Доказательство Рая - Эбен Александер. Страница 18
— Звонят из больницы, — сказала она. — Одна из медсестер, которые ухаживают за Эбеном, просит вас к телефону. Она говорит, что это очень срочно.
Майкл взял трубку.
— Приходите немедленно, — услышал он. — Эбен умирает.
Как пастор, Майкл не раз оказывался в такой ситуации. Священники не реже докторов видят смерть и горе родственников умершего. Тем не менее, услышав о моей близкой смерти, он испытал сильное потрясение и тут же позвонил жене Пейдж, чтобы она помолилась за меня и за него, прося Бога дать ему силы перенести эту утрату. Затем он сел в машину и под холодным ливнем, смаргивая слезы, чтобы различить дорогу, поехал в больницу.
Войдя в мою палату, он застал ее в том же виде, как в свой последний визит.
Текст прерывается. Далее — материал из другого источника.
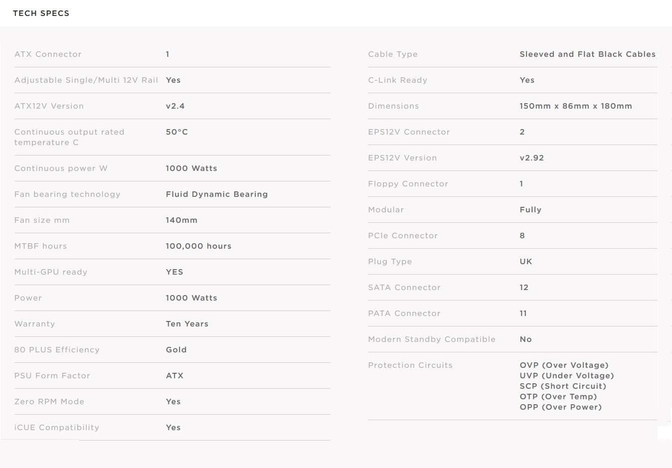 - CORSAIR RM1000i 1000W 80 + Gold Fully Modular ATX 2.0 Power Supply

У моей кровати сидела Филлис и держала меня за руку. Было ее дежурство. Моя грудь с помощью дыхательного аппарата поднималась и опускалась двенадцать раз в минуту. Медсестра тихо обходила аппаратуру, окружавшую кровать, и записывала показания.
Вошла еще одна сестра. Майкл спросил, не она ли звонила его помощнице.
— Нет, — ответила сестра. — Я провела здесь все утро, его состояние не ухудшилось с ночи. Не знаю, кто вам звонил.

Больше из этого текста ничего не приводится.